Goal of the exercise:
Beginning with the first line below, retype exactly each line through the one containing "Citizen is a". Leave out all pictures.

Dataset content:
::::
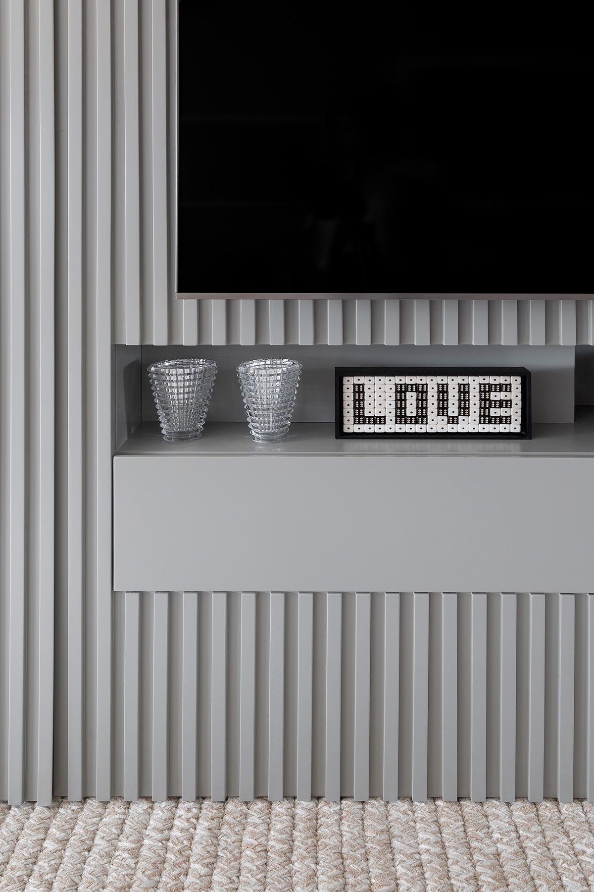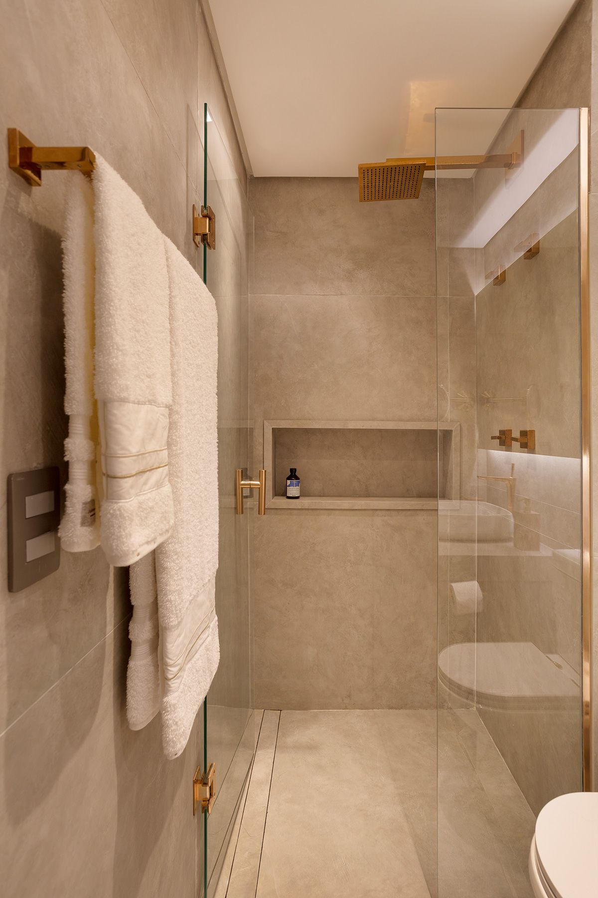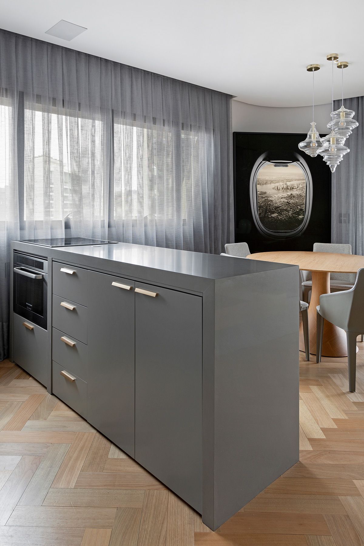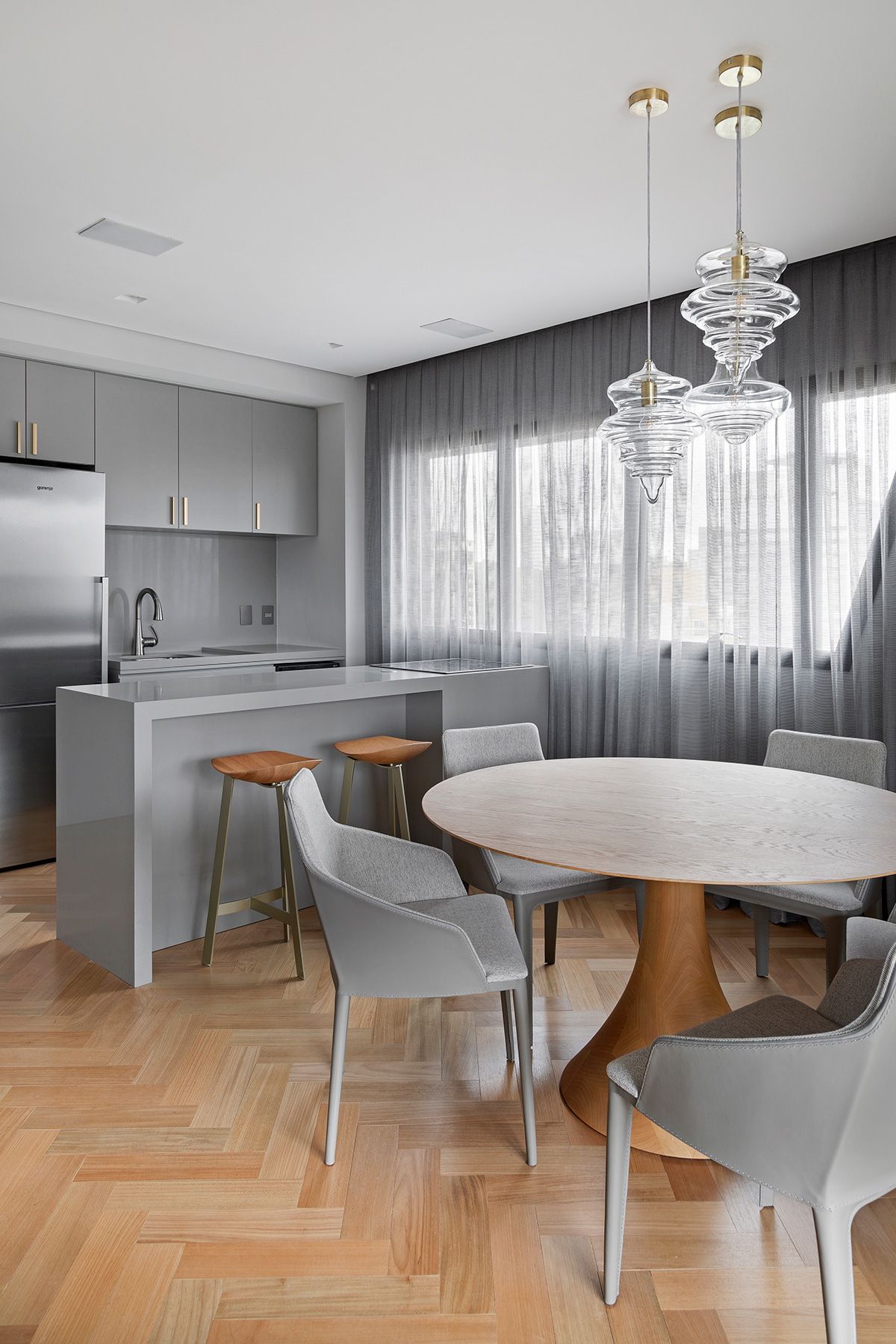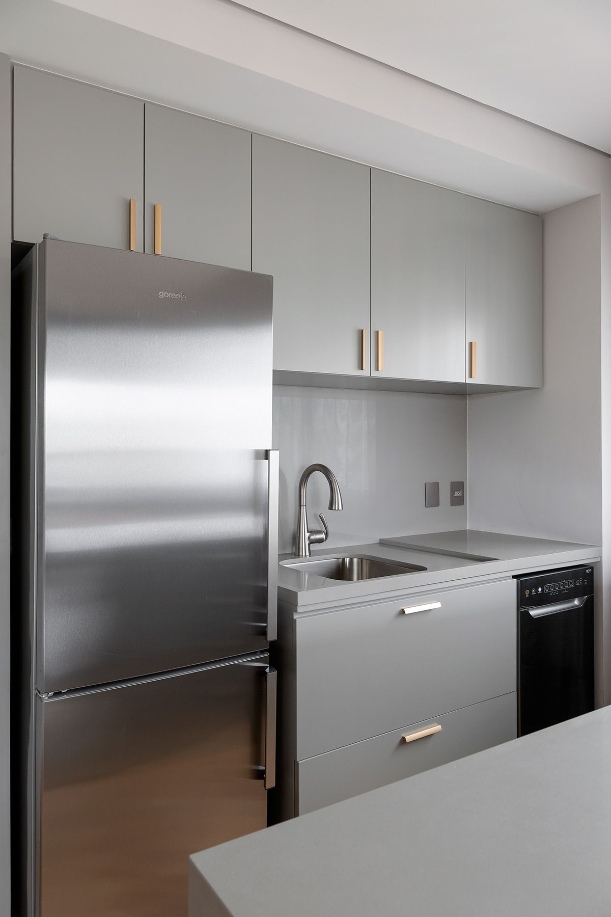 Definimos que toda a área social seria integrada e apenas a suíte seria um ambiente fechado. O principal desafio então, foi atender a necessidade de quantidade de armários da cliente, já que ela estava mudando para um apartamento com a metade da metragem em que vivia.
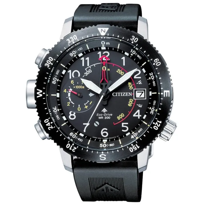 Citizen is a name synonymous with quality and innovation in the watchmaking industry. For over a century, the brand has spearheaded advancements in technology, consistently revolutionizing how timepieces are crafted and enjoyed. With a dedication to precision, Citizen watches are designed not just as instruments but as reflections of individual style and class. Known for their commitment to sustainability, the brand’s Eco-Drive technology is a prime example of how they blend sophisticated craftsmanship with eco-friendly practices. The Promaster line is particularly renowned, embodying performance and durability for those with a passion for exploration. Designed to endure the rigors of the great outdoors, each Promaster timepiece represents a marriage of form and function, providing adventurers with reliable tools that never compromise on style or performance. In Citizen's world, every watch is an invitation to push the boundaries of what is possible, making it a trusted companion for every journey.Introducing Citizen® Multi Dial 'Promaster' Men's Watch BN4044-15E
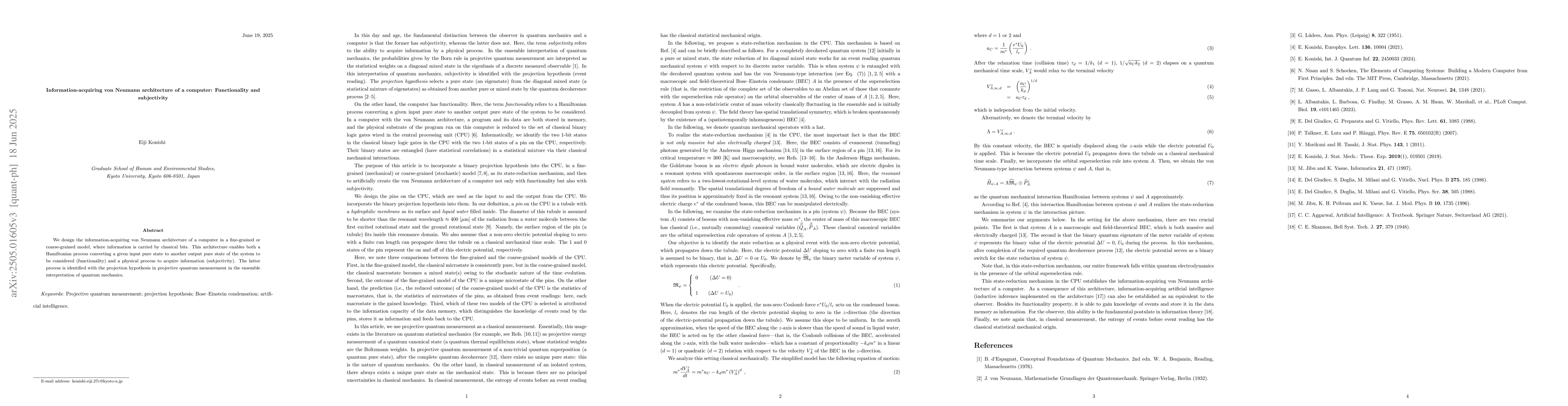The research proposes an information-acquiring von Neumann architecture of a computer, modeled in fine-grained or coarse-grained systems using classical bits. It combines Hamiltonian processes for state conversion (functionality) with physical processes for information acquisition (subjectivity), identified with the projection hypothesis in projective quantum measurements.
::::
Solution to this exercise:
 Definimos que toda a área social seria integrada e apenas a suíte seria um ambiente fechado. O principal desafio então, foi atender a necessidade de quantidade de armários da cliente, já que ela estava mudando para um apartamento com a metade da metragem em que vivia.
 Citizen is a name synonymous with quality and innovation in the watchmaking industry. For over a century, the brand has spearheaded advancements in technology, consistently revolutionizing how timepieces are crafted and enjoyed. With a dedication to precision, Citizen watches are designed not just as instruments but as reflections of individual style and class. Known for their commitment to sustainability, the brand’s Eco-Drive technology is a prime example of how they blend sophisticated craftsmanship with eco-friendly practices. The Promaster line is particularly renowned, embodying performance and durability for those with a passion for exploration. Designed to endure the rigors of the great outdoors, each Promaster timepiece represents a marriage of form and function, providing adventurers with reliable tools that never compromise on style or performance. In Citizen's world, every watch is an invitation to push the boundaries of what is possible, making it a trusted companion for every journey.Introducing Citizen® Multi Dial 'Promaster' Men's Watch BN4044-15E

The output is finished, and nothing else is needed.